GRE Percentage

GRE Percentage

Percentage – Word Problems in GRE

Introduction: The GRE (Graduate Record Examination) is a standardized test required for admission into many graduate schools in the United States and other countries. One of the critical topics in the GRE quantitative reasoning section is percentage word problems. In this extended concept, we will discuss various percentage word problems frequently appearing on the GRE and strategies to solve them effectively and efficiently.

Percentage Basics: Before diving into word problems, review the basics. A percentage is a way of expressing a number as a fraction of 100. The symbol for percentage is “%,” which means “per hundred.” For example, 25% can be written as 25/100, which reduces to 1/4 or 0.25.

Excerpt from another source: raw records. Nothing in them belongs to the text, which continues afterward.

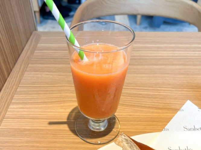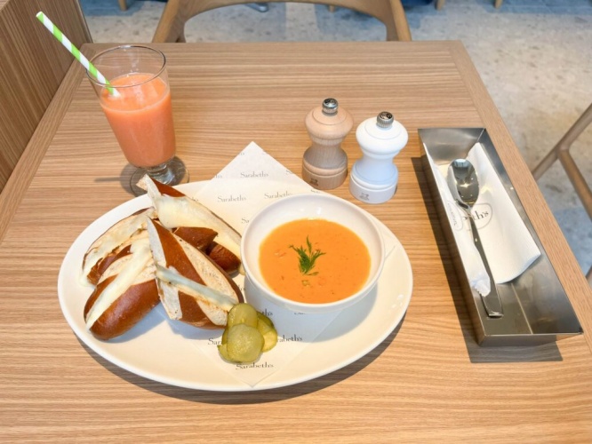 プレッツェルチーズサンドはなかなかのボリュームですが、美味しさのあまり、あっという間に完食してしまいました。サンドだけでなく、スープもジュースも素材を大切にしていることが食べた瞬間から伝わってくる、そんな味わいでした。
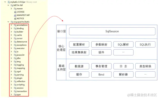 1.根据Mybatis源码,将其抽象为三层:基础支持层,核心处理层和接口层
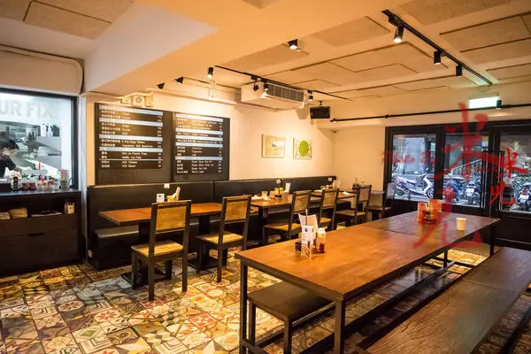 空間是原本的1 BITE 2 GO改的,但多了藍白元素與開放式廚房,可以看到廚師們工作的樣子喔。
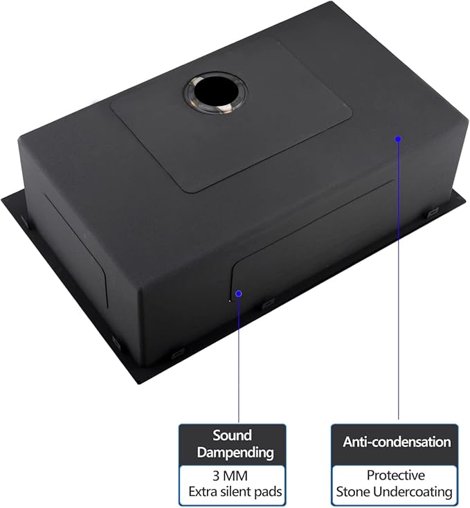- 【Superior Drainage and Sound-Absorption Technology】A sloped base ensures water drains quickly when the job is done, X water guideline drainage for rapid and fluent drainage. The sink also is constructed with heavy-duty padding and undercoating to minimize noise and provide thermal insulation.
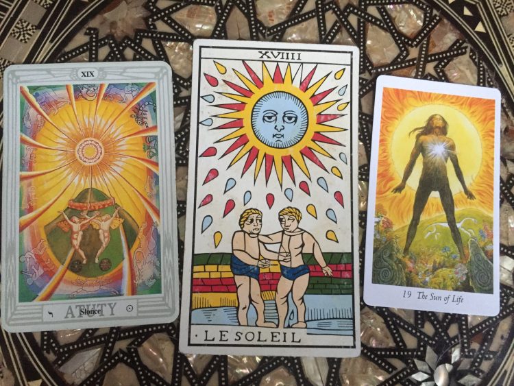 Tarotowa tradycja mówi nam, że w LE SOLEIL dziecko, które widzi, pożycza swoje oczy dziecku niewidomemu. To piękna metafora tego rodzaju komunii, jaki sugerują litery OEI. Może musimy pożyczyć oczy od kogoś innego, żeby być prawdziwie kompletnymi. Być może wtedy uświadomimy sobie, że jedyna tajemnica, którą można odkryć poprzez wynajdywanie ukrytych wskazówek i połączeń w świecie dookoła nas, to tajemnica nas samych.”
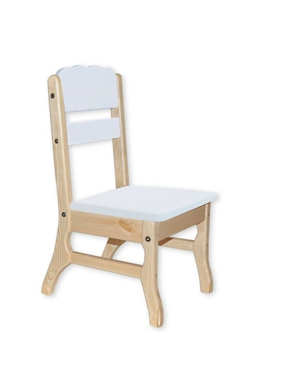 Стільчик дитячий від 2-х років дуже зручний в застосуванні для зовсім маленьких діток від двох років. Ніжки і основа стільця - колір натурального дерева, спинка і сидіння - п'ять варіантів забарвлень : білий, зелений, рожевий, бузковий, блакитний. Стільчик неабиякого дизайну повністю виготовлений з масиву сосни.
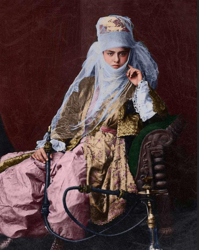 1880年代,鄂图曼帝国女子与水烟。这张照片出自著名土耳其摄影家之手,在西方人眼中成了鄂图曼帝国女性的代表,在土耳其许多旅游商店都可以看见这张照片的复制品,不过原图只是黑白的。
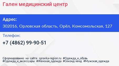 Гален, медицинский центр по адресу 302016, Орловская область, Орёл, Комсомольская, 127 в дальнейшем Организация, размещена в следующих категориях:
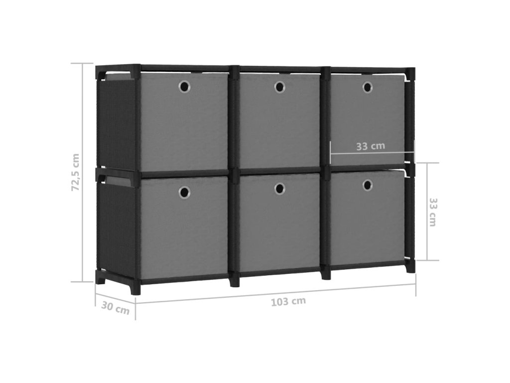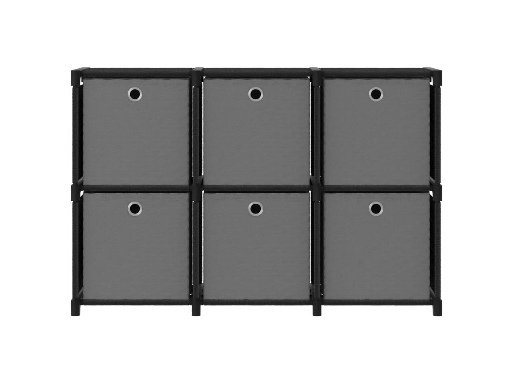 Úložný stojan je vyrobený z tkaniny a oceľového rámu, vďaka čomu je pevný a stabilný. Táto samostatne stojaca polica má 6 otvorených priehradiek a každá priehradka obsahuje látkový box, ktorý poskytuje dostatok úložného priestoru pre vaše veci a udržuje vašu izbu upratanú. Regál na domáce použitie navyše slúži ako ideálne miesto na uloženie kníh, zberateľských predmetov, fotografií, ocenení a malých rastlín v kvetináčoch, keď vyberiete boxy.
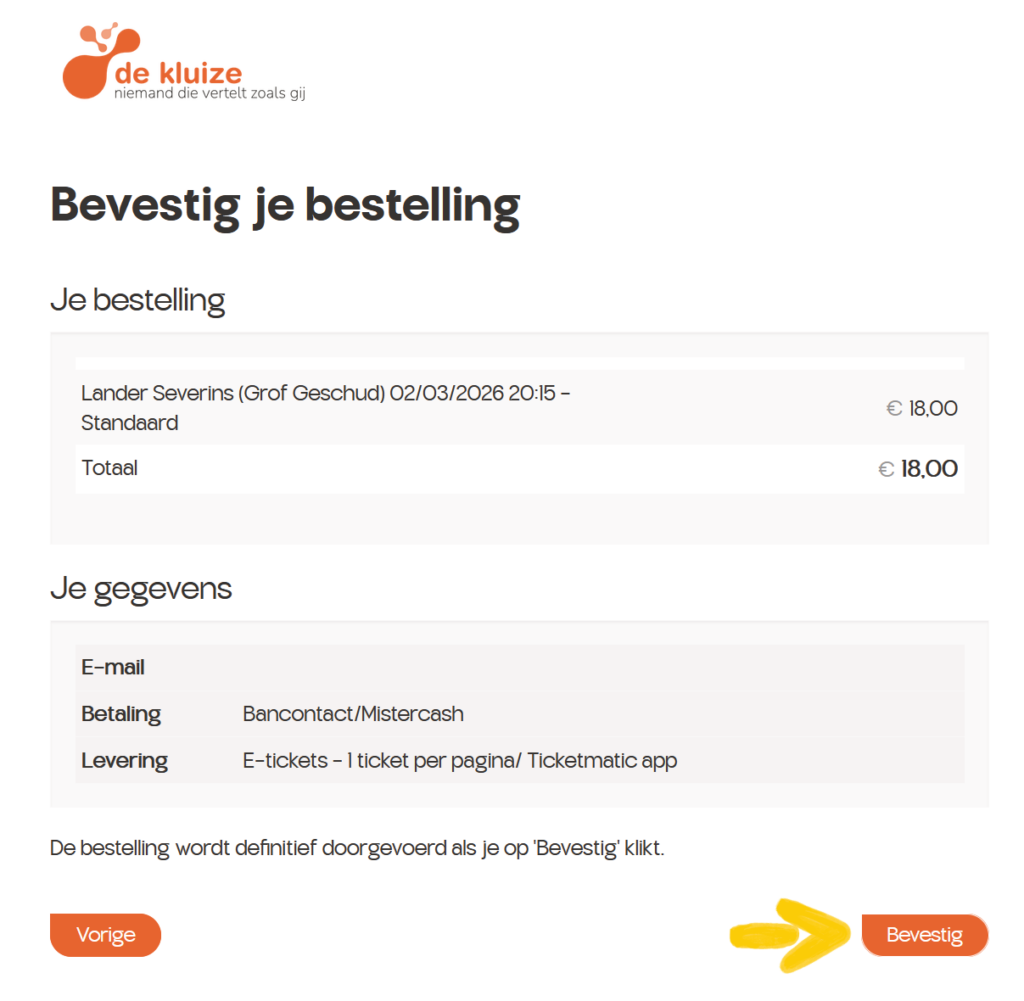 Je ontvangt een bevestiging van de aankoop per e-mail. Indien je gebruik maakt van de TicketMatic app, verschijnen je tickets in de app.

To convert a fraction to a percentage, divide the numerator by the denominator and multiply the result by 100. To convert a percentage to a fraction, divide the percentage by 100 and then simplify the resulting fraction if possible.

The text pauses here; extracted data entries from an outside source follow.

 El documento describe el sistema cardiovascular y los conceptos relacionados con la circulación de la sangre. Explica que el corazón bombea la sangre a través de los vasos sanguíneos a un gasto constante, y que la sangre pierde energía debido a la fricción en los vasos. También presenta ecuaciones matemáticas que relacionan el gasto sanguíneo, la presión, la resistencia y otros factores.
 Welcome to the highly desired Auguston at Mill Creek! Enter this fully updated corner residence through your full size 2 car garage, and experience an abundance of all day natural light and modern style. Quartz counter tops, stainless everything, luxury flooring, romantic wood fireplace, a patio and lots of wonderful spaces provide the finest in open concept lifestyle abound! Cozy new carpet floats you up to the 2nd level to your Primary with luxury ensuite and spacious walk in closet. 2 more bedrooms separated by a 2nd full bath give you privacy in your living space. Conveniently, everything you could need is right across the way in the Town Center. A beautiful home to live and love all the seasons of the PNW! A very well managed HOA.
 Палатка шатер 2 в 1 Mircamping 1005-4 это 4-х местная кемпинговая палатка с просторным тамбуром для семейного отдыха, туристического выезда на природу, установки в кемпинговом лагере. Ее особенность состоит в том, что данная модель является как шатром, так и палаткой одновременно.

Common Types of Percentage Word Problems in GRE:

1. Finding the percentage of a given value
2. Calculating the original value given the percentage and the final value
3. Determining the percentage change (increase or decrease) between two values
4. Solving problems involving discounts, markups, or sales tax
5. Comparing percentages in context

Strategies for Solving Percentage Word Problems:

1. Read the problem carefully: Ensure you understand the problem and identify what is being asked. Look for key information and determine the unknown value(s) you need to find.
2. Set up the problem: Translate the word problem into a mathematical expression or equation using the given information.
3. Solve the problem: Use appropriate methods, such as proportions, cross-multiplication, or algebraic equations, to solve the problem.
4. Check your answer: Make sure your answer is reasonable and in the correct units, if applicable.

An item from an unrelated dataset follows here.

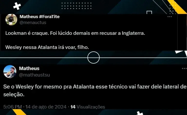 “Se eu fosse o Wesley já estaria comprando as passagens para Itália. A Atalanta não é uma equipe de primeira prateleira, mas é um time muito bom que dá trabalho pra qualquer adversário. Vai entrar num time pronto e forte”, escreveu outro flamenguista na rede social.
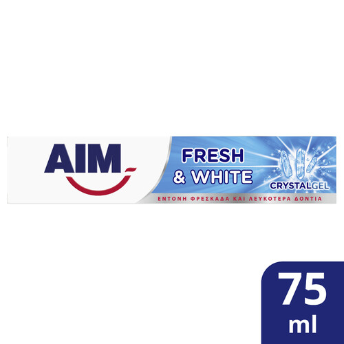 Έντονη φρεσκάδα και λευκότερα δόντια! Με την αποκλειστική της σύνθεση η Aim Crystal Gel Fresh & White πέρα από την αποτελεσματικότητά της ΑΙΜ συνδυάζει: Gel με έξτρα δροσερή γεύση μέντας για έντονη και μεγάλης διάρκειας αίσθηση φρεσκάδας. Μικροσωματίδια στίλβωσης, ταοποία χαρίζουν απαλά λάμψη στα δόντια σας, για να αναδείξουν τη λευκότητα του χαμόγελού σας.

Now, let’s discuss each type of percentage word problem in more detail and provide examples and solutions.

1. Finding the percentage of a given value: In these types of problems, you will be given a value and a percentage, and you will need to find a certain percentage of that value.

Example: What is 20% of 150?

Solution: To find 20% of 150, multiply the percentage (as a decimal) by the given value: 20% of 150 = (20/100) × 150 = 0.20 × 150 = 30. Answer: 30

2. Calculating the original value given the percentage and the final value: These problems involve finding the original value when given a percentage and the final value after the percentage has been applied.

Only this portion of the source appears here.